Diffuse Mode Thinking
In focused mode, a person consciously works on a problem and concentrates her attention on learning something. In diffuse mode thinking, the brain continues to work on a problem subconsciously. Neuroscientists tell us that you can only be in one mode at a time.
An answer can also be reached in diffuse mode thinking, not just focused mode. Sometimes, an answer or solution can only be reached in diffuse mode.
When faced with a difficult decision, it is important to allow for both focused and diffuse mode thinking. Focused thinking gives us the material with which we may arrive at the decision during diffuse mode.
Diffuse mode is helpful when we need to exercise creativity and come up with solutions that we haven’t consciously thought of before. Giving students time to ponder information is important, especially when it comes to making a decision.
We can activate diffuse mode by playing our favorite sport or taking a walk around the block. It does not necessarily mean we must consciously try not to think, we just need to give our minds a break from intently concentrating on the problem.
Just as all problems aren’t the same, all problems don’t necessarily require the same skills. Sometimes, we may venture into situations where the emotional climate may be high-stakes and may not be able to be controlled.

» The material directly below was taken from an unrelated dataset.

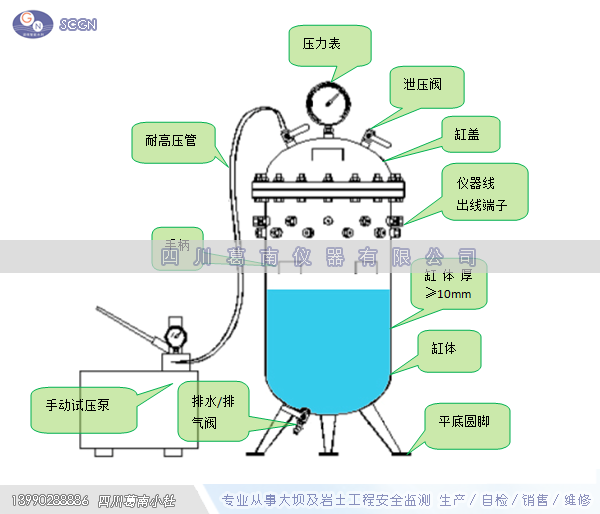 水压力试验罐,是以水为介质传递压力的试验罐。水压力试验罐总高约1150mm,最大外径约¢520mm,总重约150公斤左右。

Sometimes, we might have to make quick decisions, and using Compass Points or allowing time for diffuse mode thinking may not be relevant.
In these cases, the brain has access to neural patterns that have already formed and been solidified through repetition and practice. This is what Dr. Oakley likes to call “chunks” or the act of “chunking“.
“Chess masters, emergency room physicians, fighter pilots, and many other experts often have to make complex decisions rapidly. They shut down their conscious system and instead rely on their well-trained intuition, drawing on their deeply ingrained repertoire of chunks.”
Chunking allows you to rely on an intuition, which is forged through repetition of an activity. This creates a neural pattern that is recalled automatically. Instead of thinking about how to do something in steps, one simply does it. This way can be much more efficient and effective in certain instances, just as the examples above illustrate.
Learning how to chunk and think about things in terms of the big picture, as opposed to constantly focusing on the smaller steps, is also important in the process of decision making. A student should know that for times that may require chunking, with the proper practice and previously acquired skill set, he has his brain to rely on.
Different types of decisions require different approaches. Different people require different strategies. By weaving these approaches into your classroom material, you are giving your students the tools to succeed in the classroom and in life.